# [TASK INSTRUCTIONS]
Retype, word for word, the line holding "4. **视频无痕提取:** 告别水印干扰,一键复制链接,即可提取纯净无水印视频。" and each line after it down to the end of the data; pictures are not copied.

# [DATASET CONTENT]
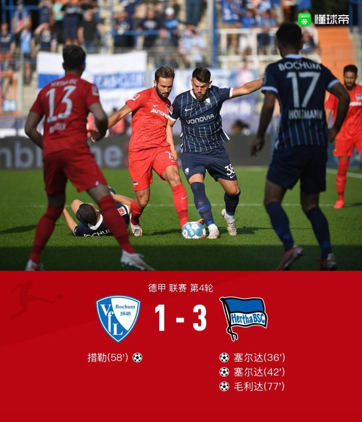 北京时间9月12日23:30,德甲第4轮,波鸿主场对阵柏林赫塔。上半场,洛西利亚头球顶偏,里希特远射打偏,塞尔达连入两球。下半场,措勒补射破门,毛利达远射建功,最终,波鸿1-3柏林赫塔。
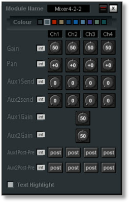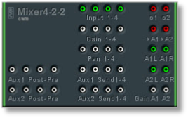 gain, pan, auxSend1, auxSend2, auxGain1, auxGain2, aux1pre-post switch, aux2pre-post switch.
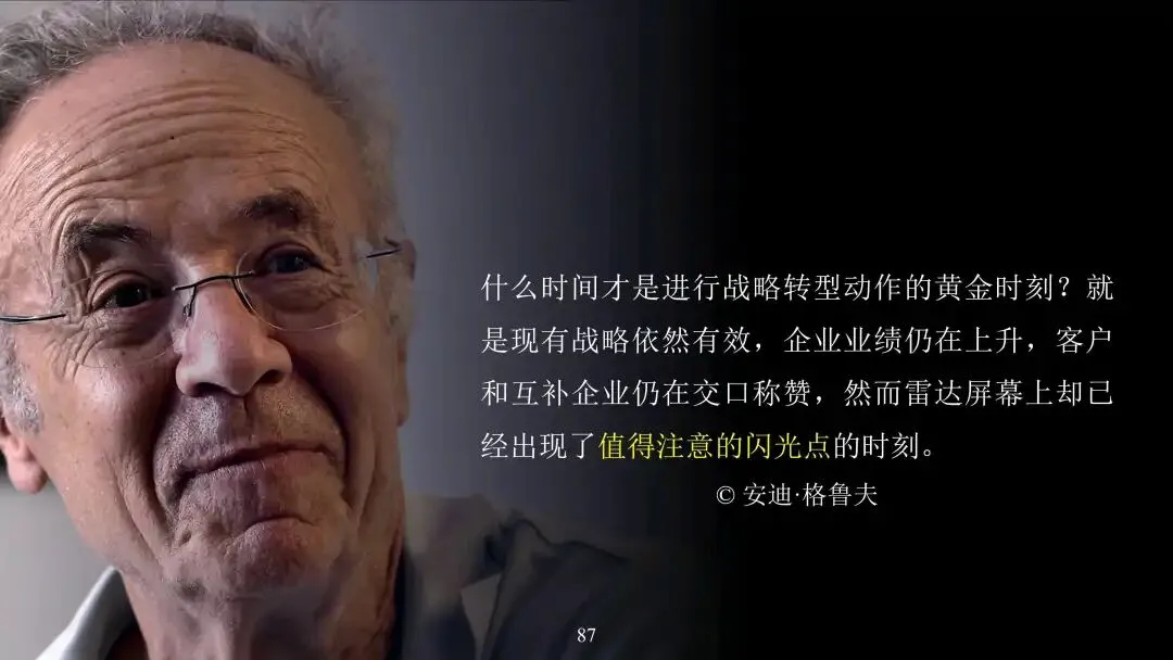 intel总裁格鲁夫每个月都会模拟一次被董事会辞退的场景,然后自己在想董事会解释,那些做的不好,那些做的目的是什么,就是这样的自我革新方式,带领因特尔从新辉煌了,这种自我否定和重建自我的职业曲线方式,我建议从业人员也去模拟,没准有一天你会感谢自己对自己的这种残忍的否定和模拟的。
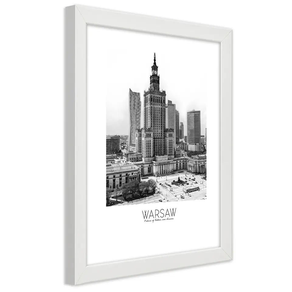 White frame poster, Palace of Culture in Warsaw Size 70x100
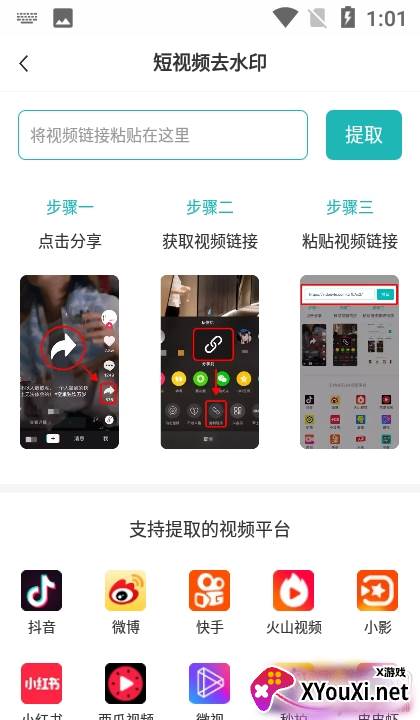 4. **视频无痕提取:** 告别水印干扰,一键复制链接,即可提取纯净无水印视频。
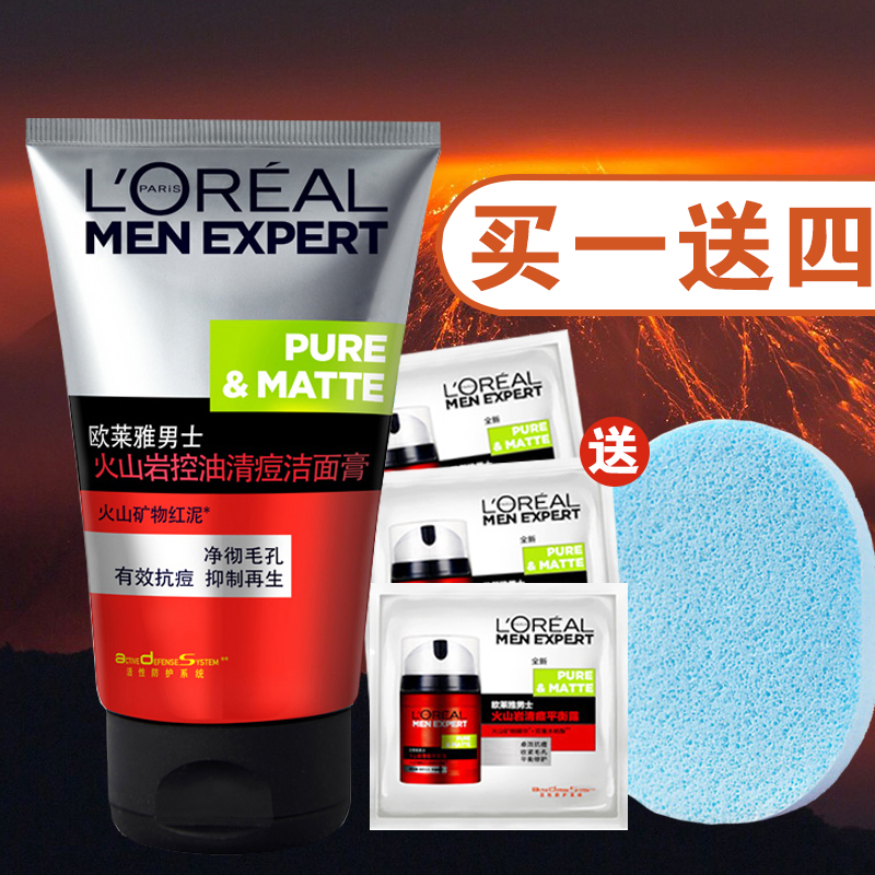 欧莱雅男士洗面奶火山岩控油祛痘洁面膏去黑头深层清洁收缩毛孔
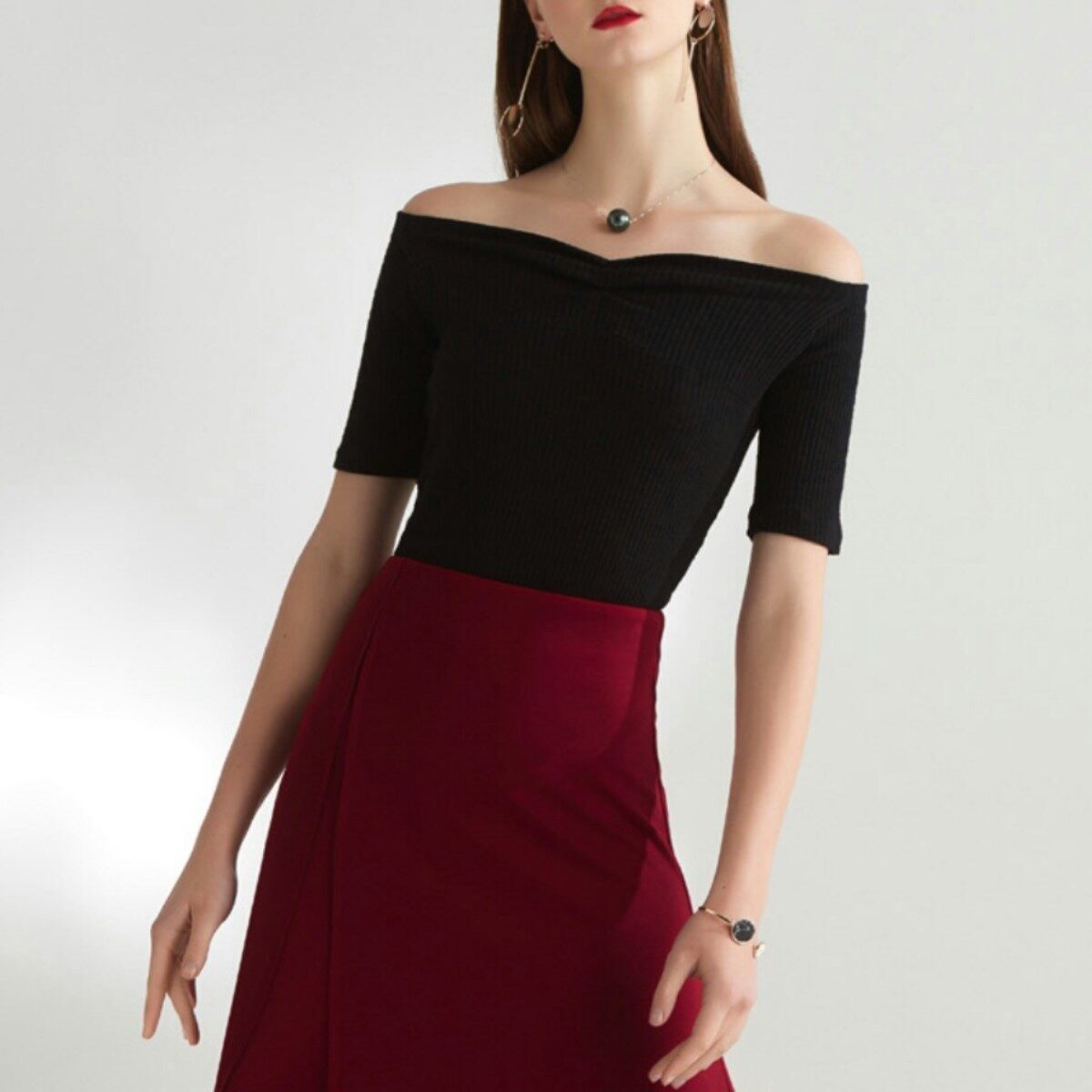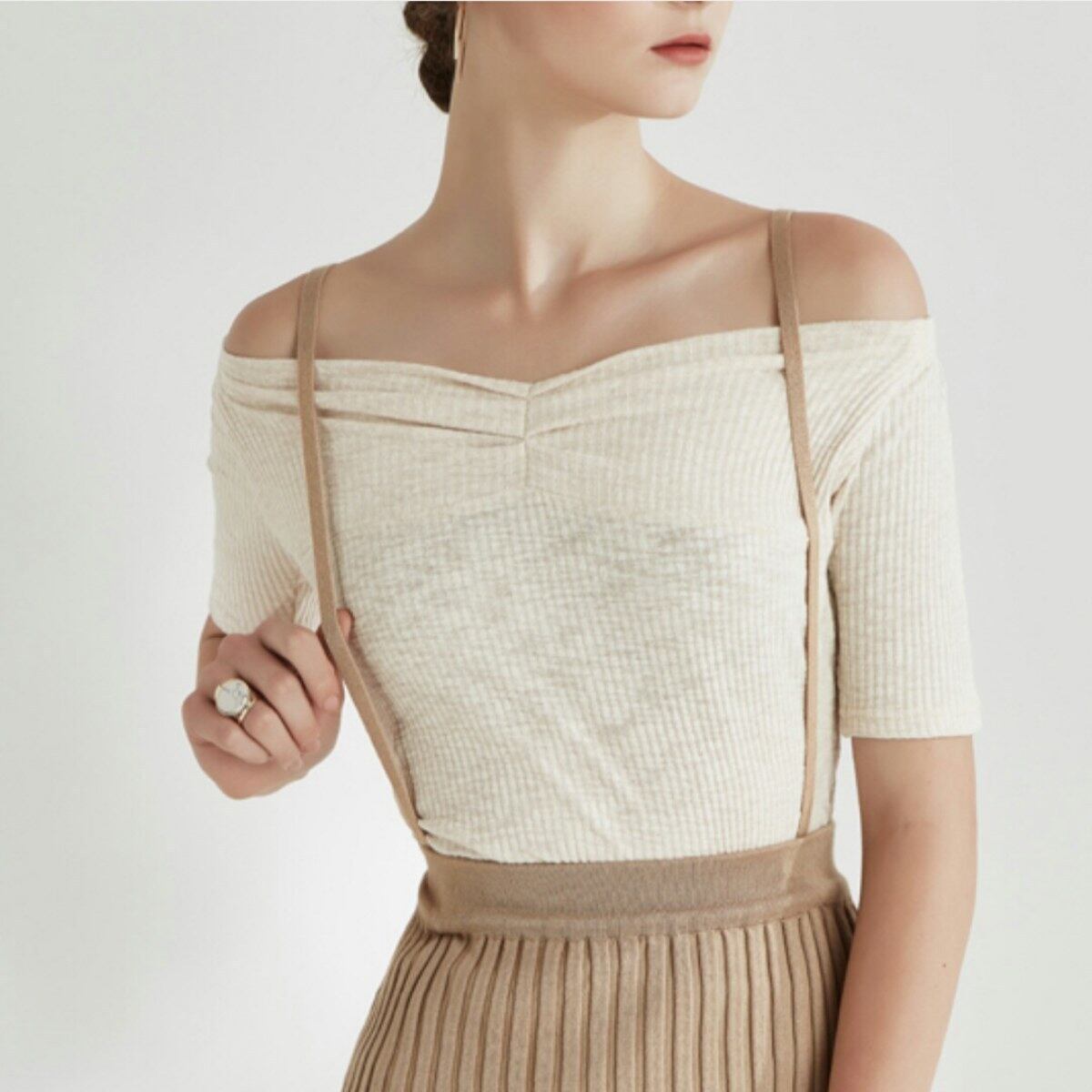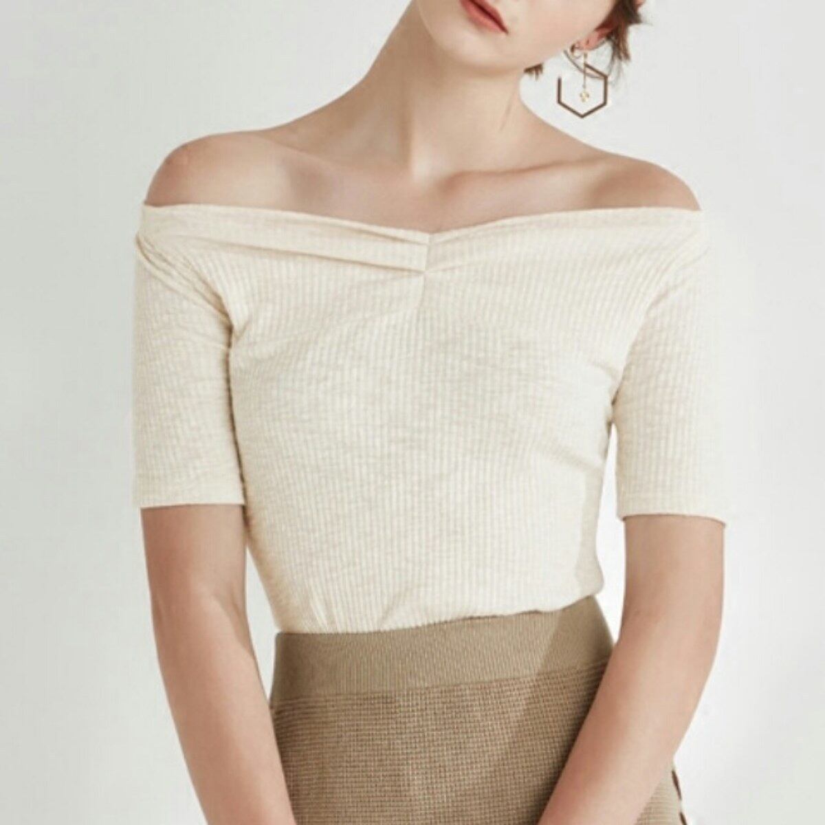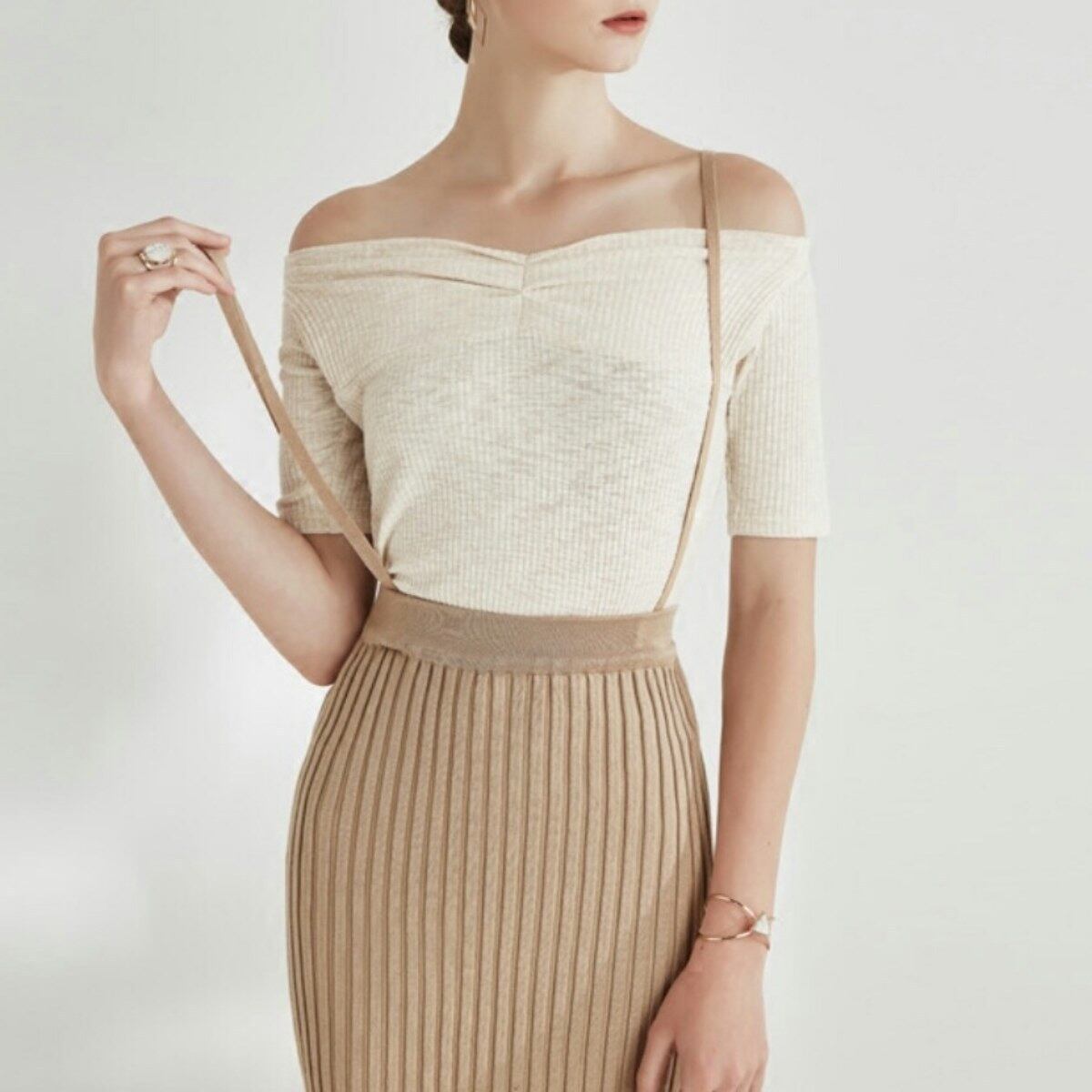 レイヤードにも1枚にも◎シンプルなオフショルダートップス

# [ANSWER SPACE]
 4. **视频无痕提取:** 告别水印干扰,一键复制链接,即可提取纯净无水印视频。
 欧莱雅男士洗面奶火山岩控油祛痘洁面膏去黑头深层清洁收缩毛孔
 レイヤードにも1枚にも◎シンプルなオフショルダートップス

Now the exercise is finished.